Experiências do ensino de literatura no ensino público

31/01/2023 13:06

Por Laiara Serafim

Letras-Português

Bolsista Pet – Letras

Recentemente, a professora de ensino público, Thaís Gonçalves Martins, concluiu o mestrado, pela Universidade Federal de Santa Catarina (UFSC), com um projeto intitulado Baú da Leitura, que visou o desenvolvimento da leitura e da escrita dos alunos do ensino fundamental, a partir de uma visão crítica gerada na interação com os colegas de sala e com a  professora.

No projeto, os alunos do 9° ano realizaram a leitura do livro A bolsa amarela de Lygia Bojunga. Por possuir um único exemplar na biblioteca da escola, a professora teve que imprimir diversas cópias do livro com recursos próprios, para que, assim, todos tivessem acesso à obra. A escolha da obra, segundo a professora, se deu com o intuito de gerar um reconhecimento entre os alunos e a obra, devido ao tema central do livro, que trata sobre os desejos da infância e adolescência de uma garotinha, a Raquel. Mas, sobretudo, porque o livro apresenta questões como o empoderamento feminino e as relações de poder existentes, o que tende a gerar juízos de valor e pensamentos reflexivos e críticos. Segundo a professora, “A leitura do livro A bolsa amarela foi feita de forma gradativa e dinâmica, tendo como instrumento de registro o diário de leitura” (MARTINS, 2022, p. 229). O projeto seguiu diversas etapas, iniciando com uma conversa dinâmica entre a professora e os alunos sobre desejos e vontades; em seguida, foi feita uma breve introdução à obra e realizadas várias formas de leitura – coletiva, individual, pela professora, etc.

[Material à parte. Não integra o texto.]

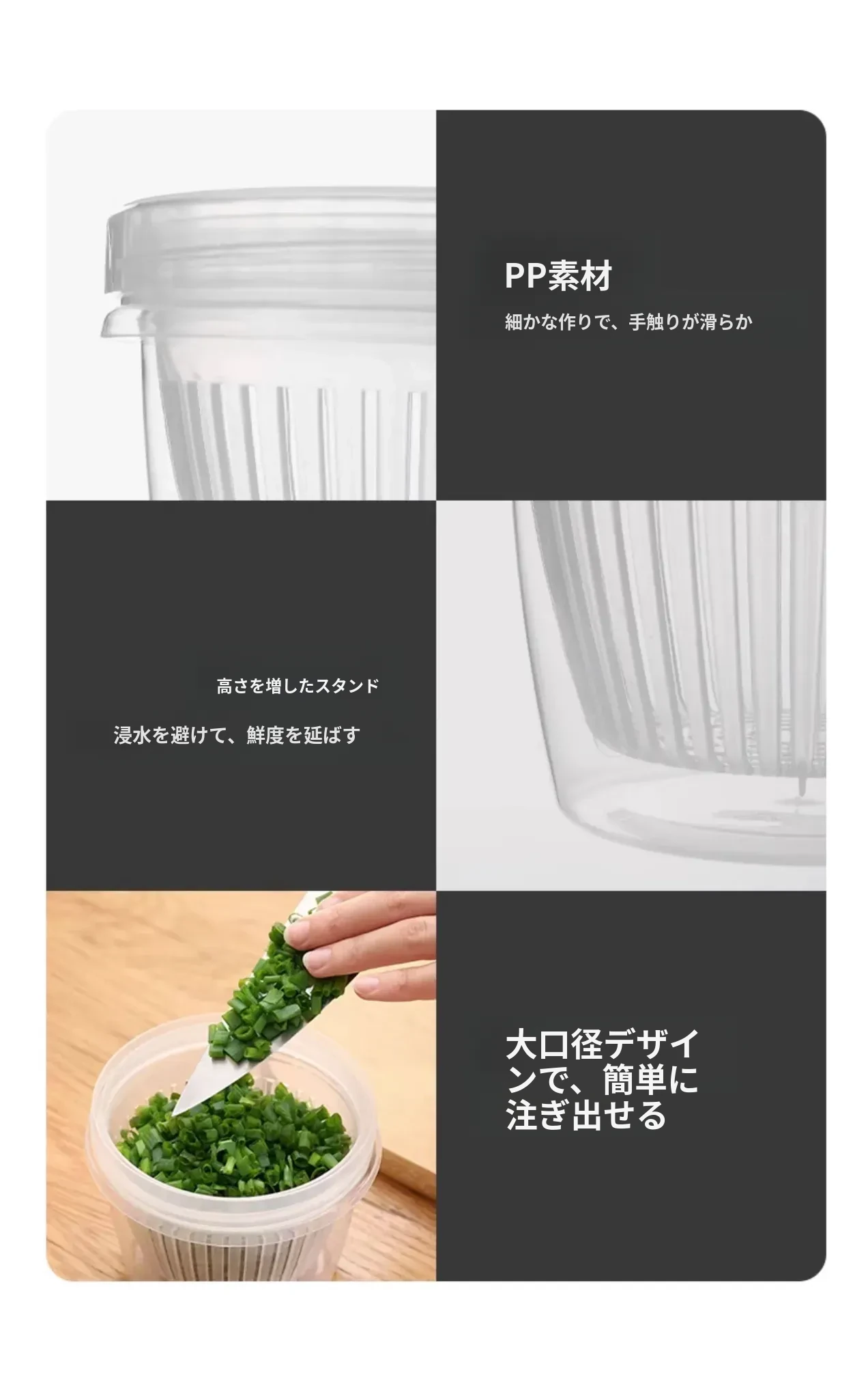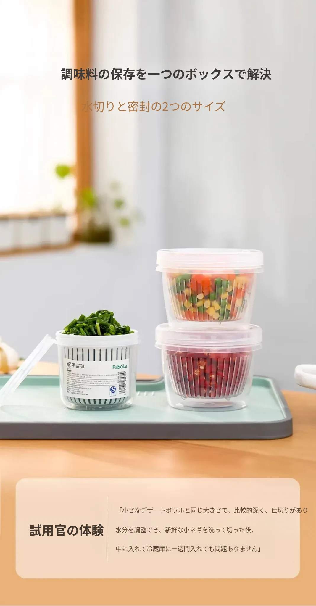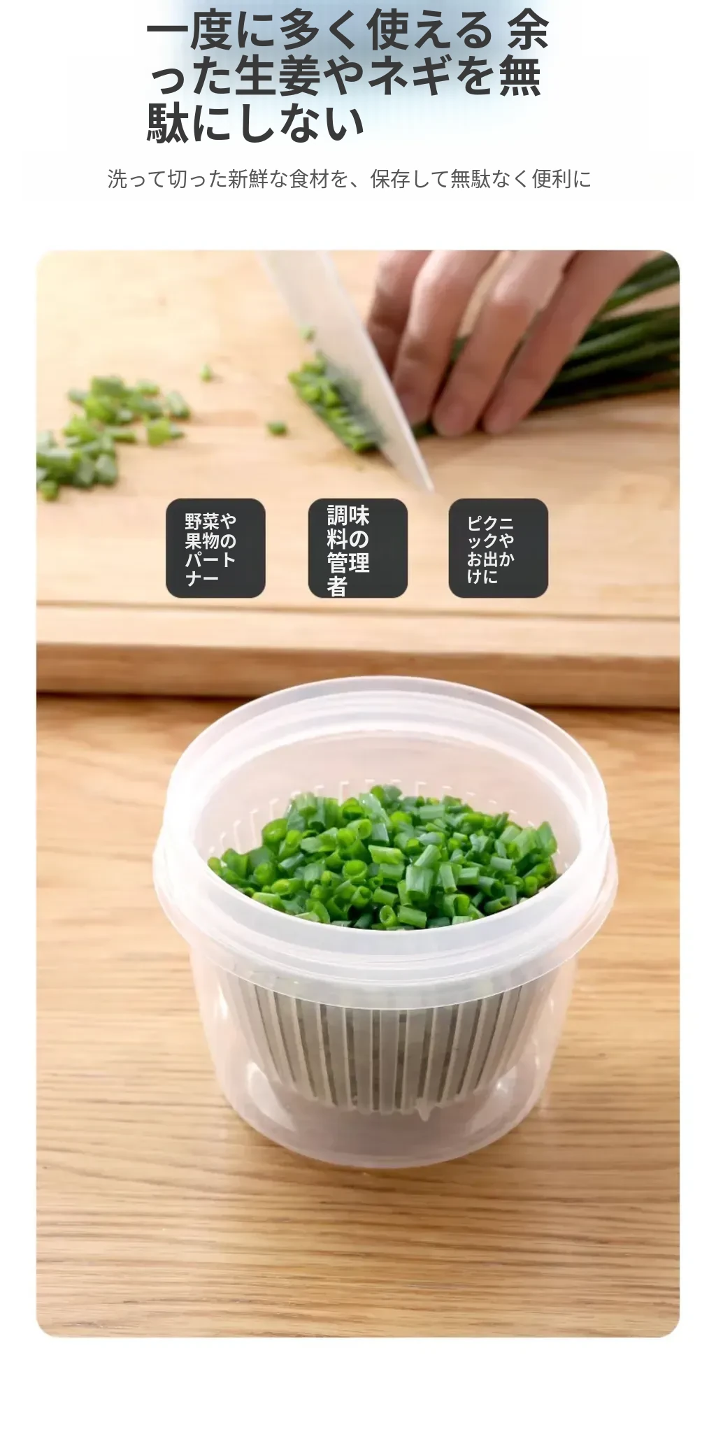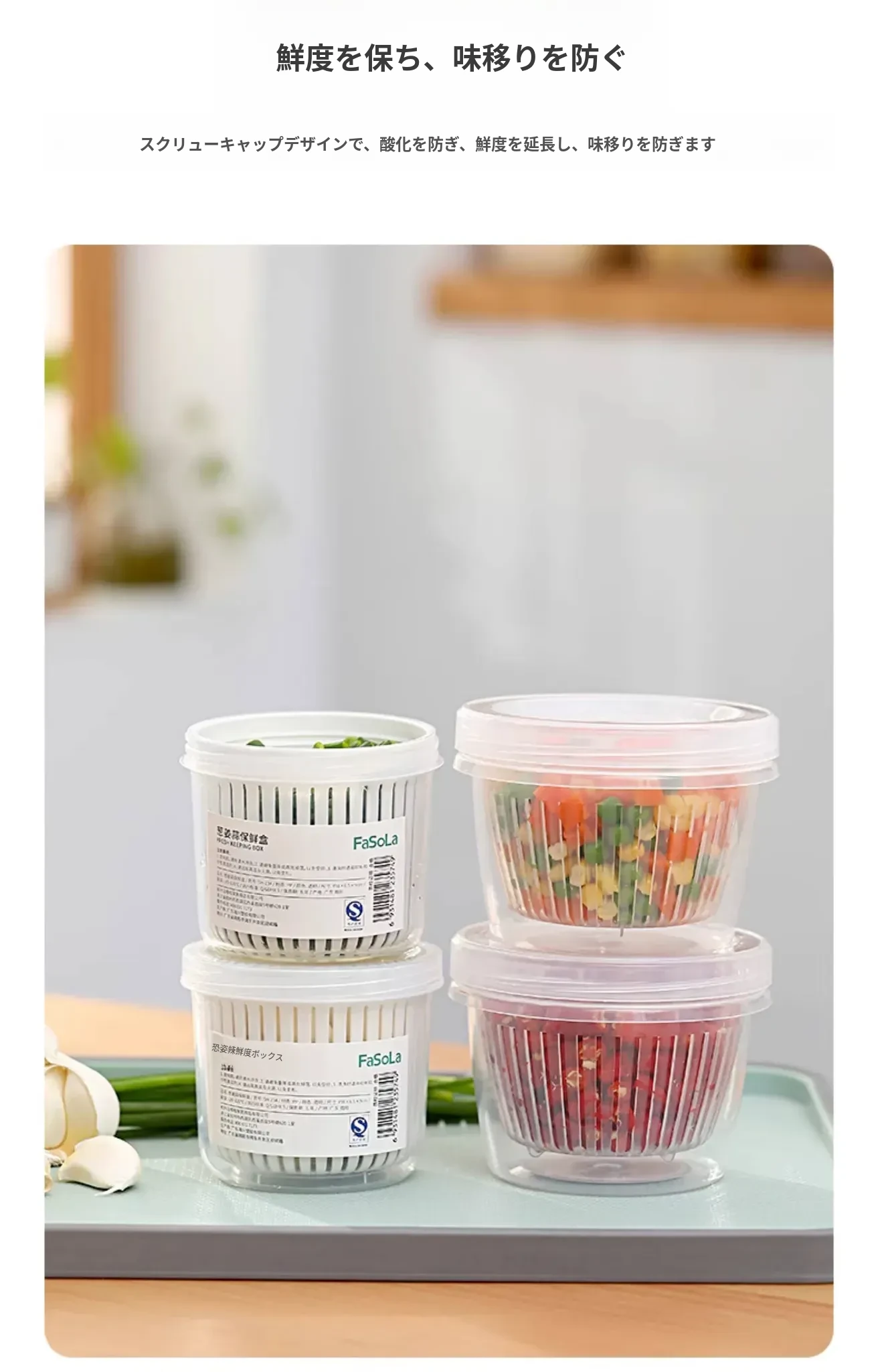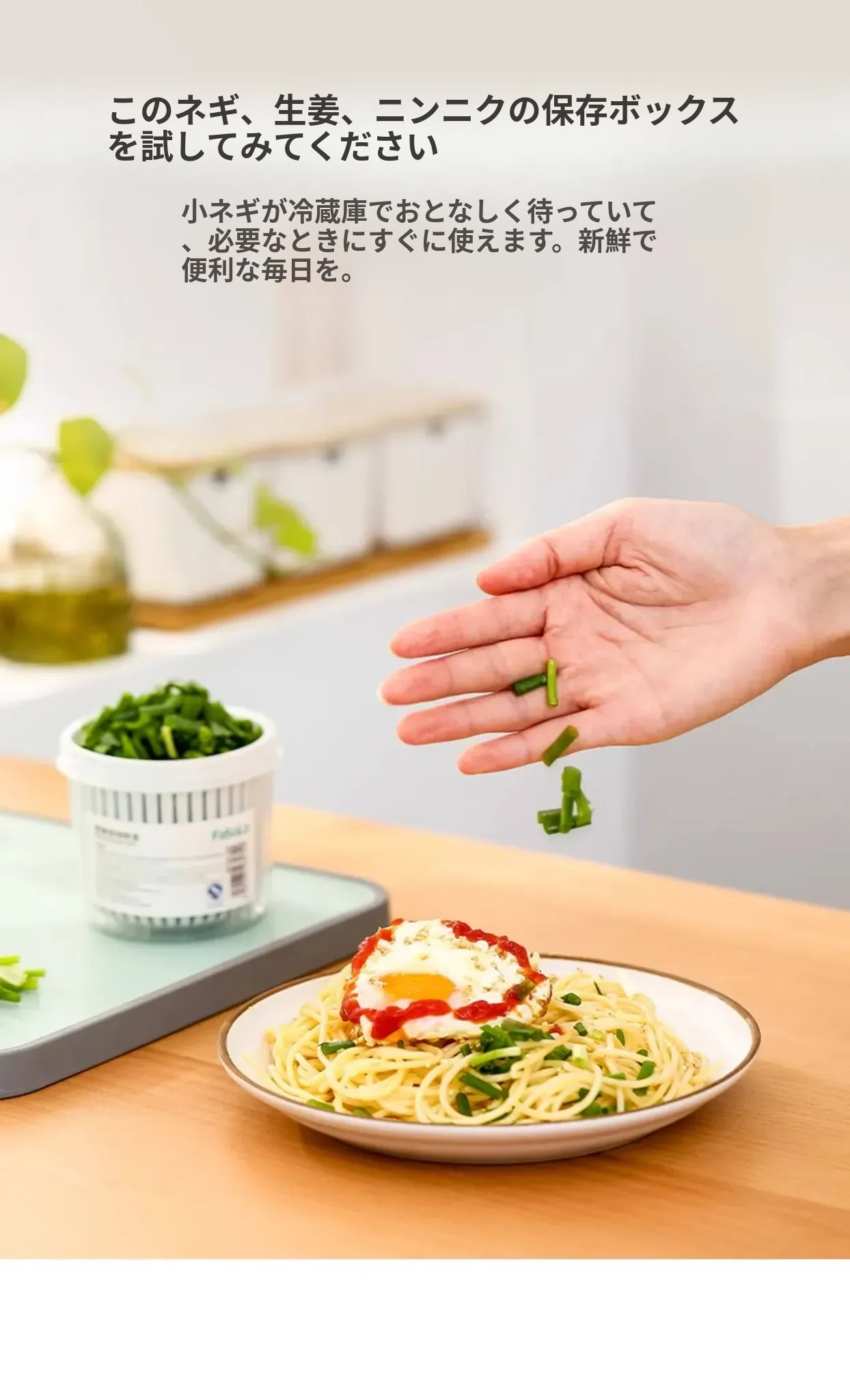FaSoLa葱収納ボックス - 冷蔵庫に最適!新鮮なネギ、生姜、ニンニクを保存し、風味を保つ食品グレードの収納ケース。使いやすく、キッチンをすっきり整理。あなたの料理をさらに美味しく!
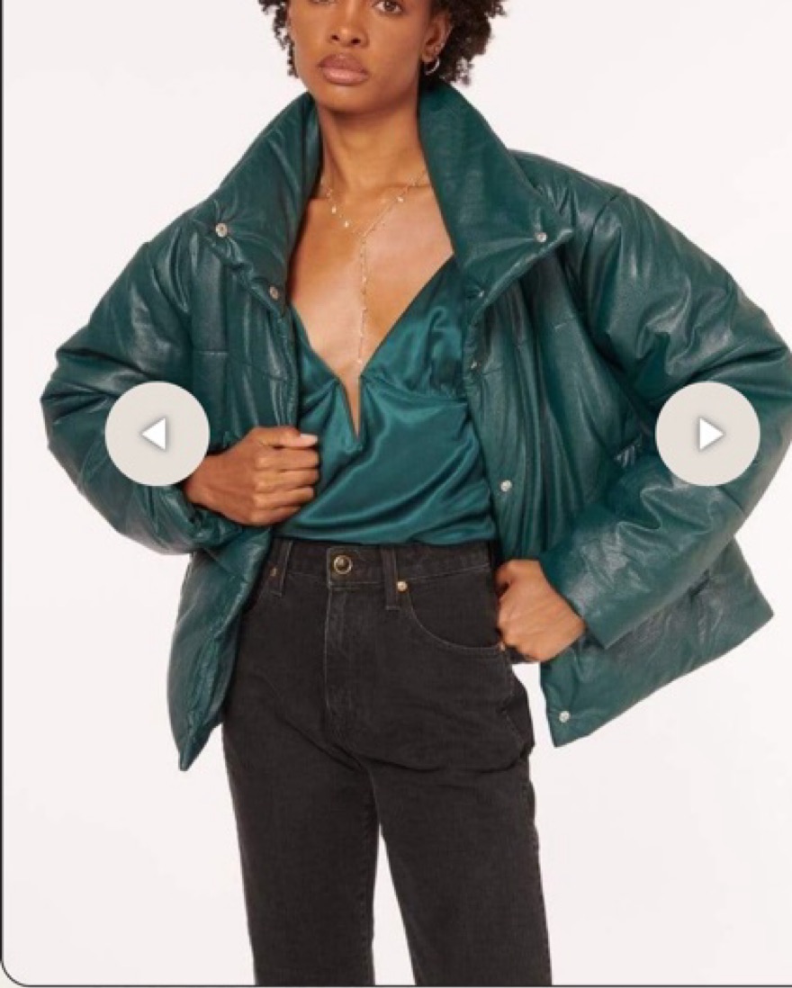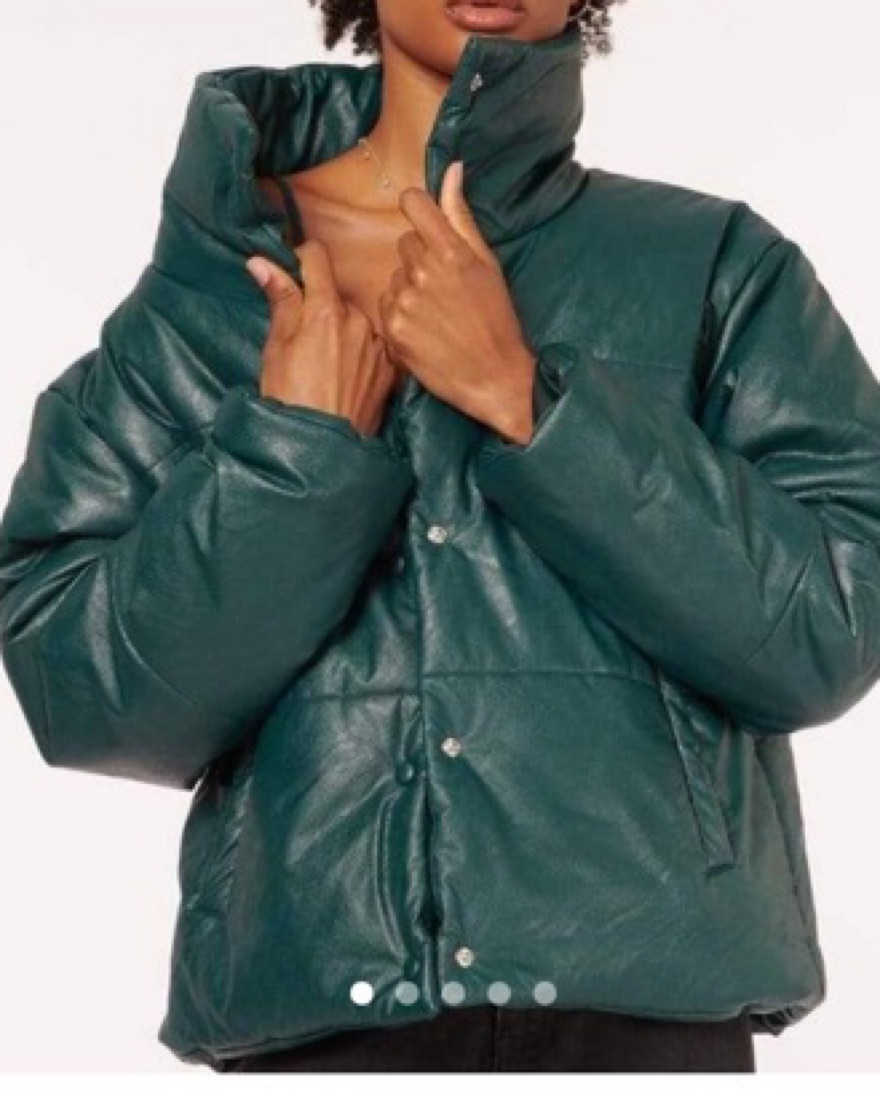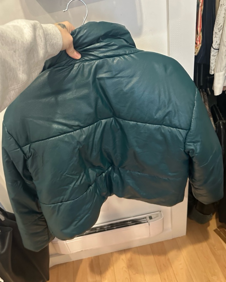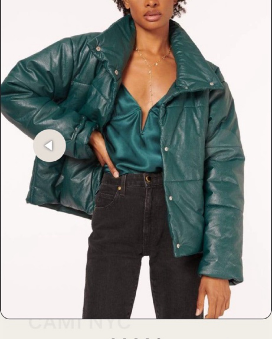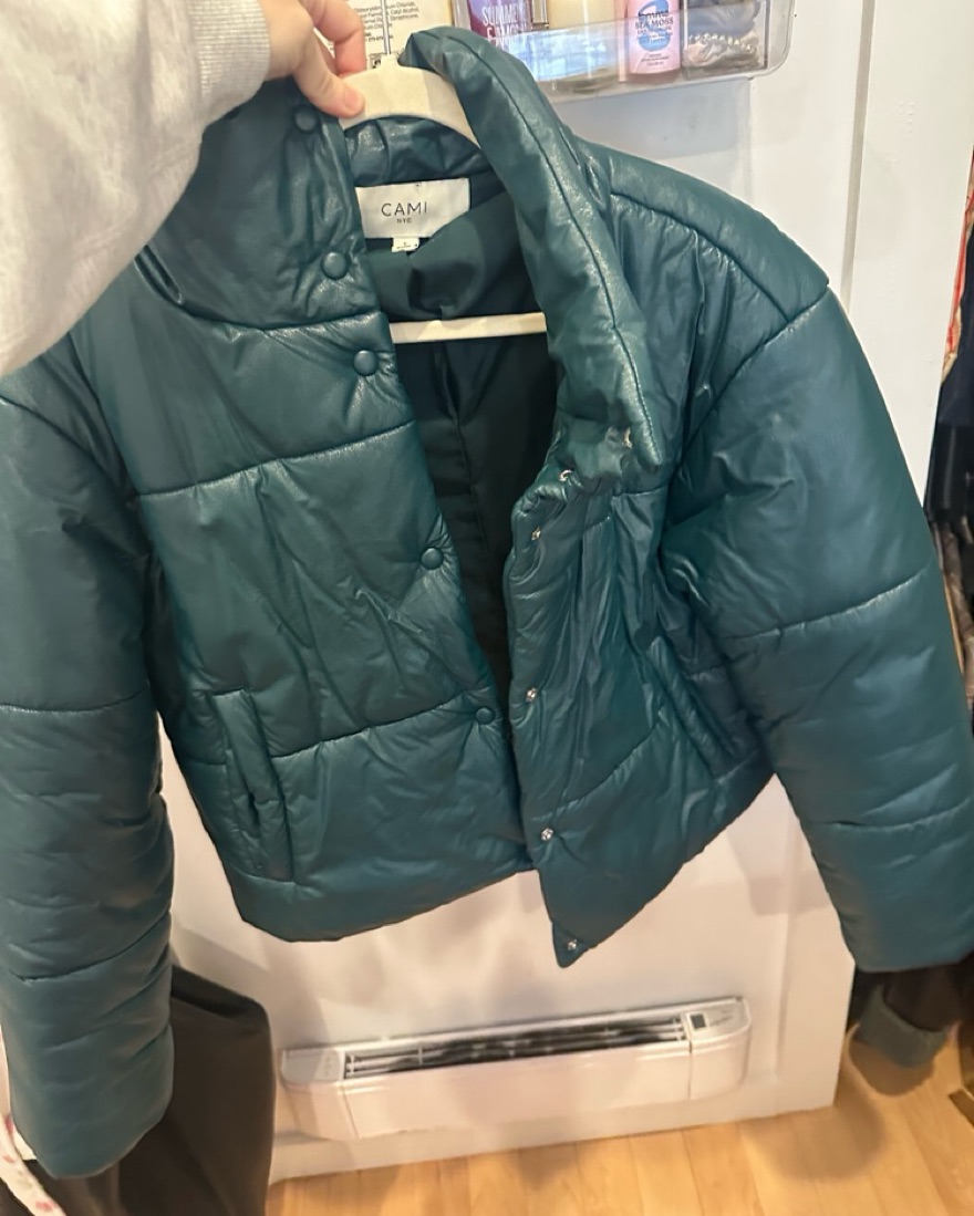 Cami NYC green shiny vegan leather cropped puffer jacket

Todas essas etapas foram divididas por semanas e em diferentes aulas, mas é importante ressaltar que a leitura foi realizada de diversas formas e em diferentes ambientes, desde a sala de aula até o pátio da escola, proporcionando aos alunos diferentes contatos e experiências com o processo de leitura. Durante cada etapa de leitura era realizada uma pausa para que os alunos pudessem anotar os seus pensamentos, dúvidas e comentários em seus “diários de leituras”, um fichário individual realizado por cada aluno, o que possibilitou o início da formação de um pensamento crítico e principalmente reflexivo. A ideia de formação de pensamento crítico a partir da leitura também é legitimada pelo professor Luiz Percival Britto, em seu ensaio Ao revés e do avesso, que defende, sobretudo, incentivar o desenvolvimento de leitores críticos, capazes de questionar o texto e absorver as ideias do autor de forma consciente.

Após o término da leitura na íntegra, os alunos realizaram uma socialização, na qual debateram sobre o livro, tiraram as dúvidas com a professora e tiveram conhecimento sobre os posicionamentos dos colegas. Por fim, cada aluno produziu uma resenha do livro A bolsa amarela, que foi exposta em um mural na escola.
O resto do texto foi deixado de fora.